We have 4 VFDs each powering a 1 1/2 hp motor, then connected to the same power source in the same nema inclosure are three AB Ultra3000 Servo drives which each power a small 1 1/2 hp servo motor.

None of the drives, VFD or Servo are overloaded, yet we have expereinced intermitent fuse blowing on the input power to the Servo drives. The drive have the exact 5amp fuse as recommended by AB and the system operates at 480 vac 3ph.

If the VFDs are suspect, what is the solution. This problem seems to be isolated to this system, since no other surounding equipment is experiencing problems.
 
Do the VFD's have line reactors? VFD's can create harmonics on the incoming power source that may cause problems.
 
No we have the VFDs connected directly to the main input power just as the servos.
It is now become a quesiton as to if we need line reactors to eliminate the potential for the VFDs to back feed to the input power and send a spike to the input of the servos on the same line.
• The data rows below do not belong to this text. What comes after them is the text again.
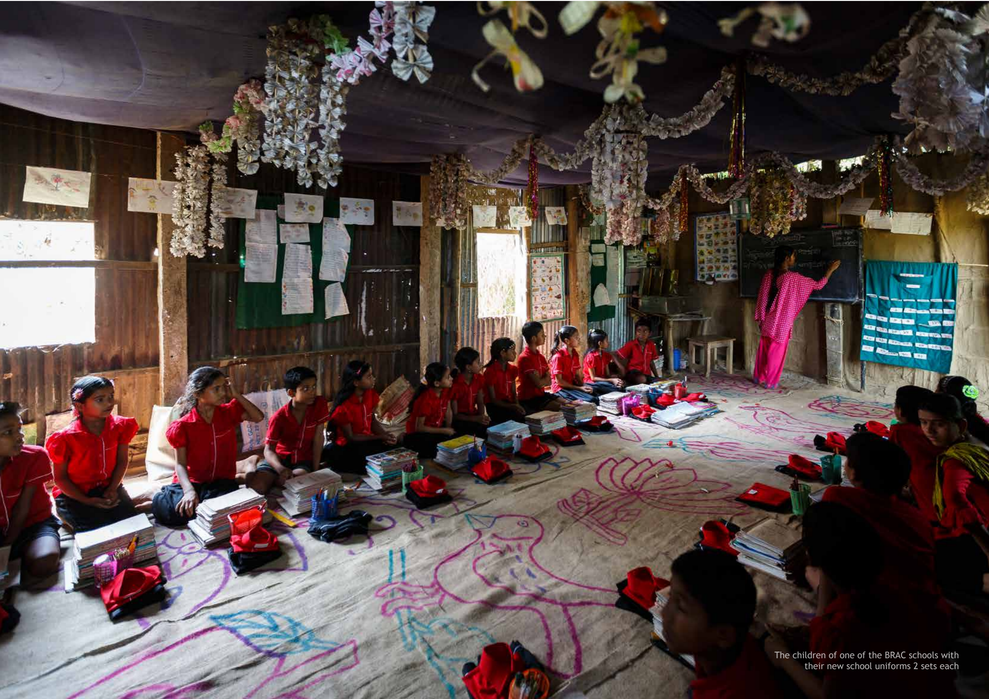
The children of one of the BRAC schools with their new school uniforms 2 sets each
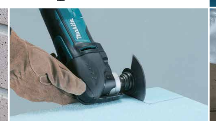
Cutting polystyrene, rubber
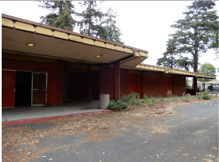
South façade, east side, view northeast (ARG, July 2021)
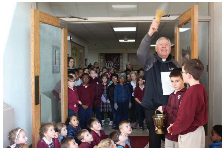
The Epiphany door blessing
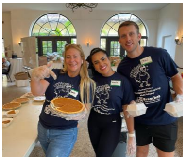
Volunteers slicing pies at Coral Gables Congregational United Church of Christ.

I was told today that may be the cause, I am looking for additonal input on the subject, this is a major system installation and this condition has exsisted for several weeks and I now need to find the true "root cause".
 
jmoore, you have to consider that "VFD noise" can be one or more of three different types. There is harmonic noise projected back into the power supply network. There is radiated noise (RFI and EMI) from the high frequency pulses on the motor leads. And, there is the worst of the three---common mode noise which comes from the motor lead pulses capacitively coupling into the ground system and then searching for a path back to the drive DC bus.

The easiest one to deal with and certainly the best understood is the input harmonics. At your horsepowers, an input reactor makes an inexpensive filter unless you have low input voltage problems. Check first to see whether the drive comes with some input reactance standard. Some do.

Whether any of these noise types is your problem is hard to determine. However, while not being a servo expert, if noise is coupled into the speed regulator on the servo amplifier, it may be making the motor do thru sudden (high current) accel/decel cycles. This may be very fast noise and not readily visible by the drive display or ordinary metering. It seems reasonable that such short-term high current transients could eventually take the input fuses out.

If the harmonics aren't the problem, try shielding the motor leads and/or separating them as much as is possible from any servo leads, especially the speed or torque references.

If the problem is common mode noise, check back here. That subject is complex and just simply ugly. Let's hope the problem goes away before we get to considering that.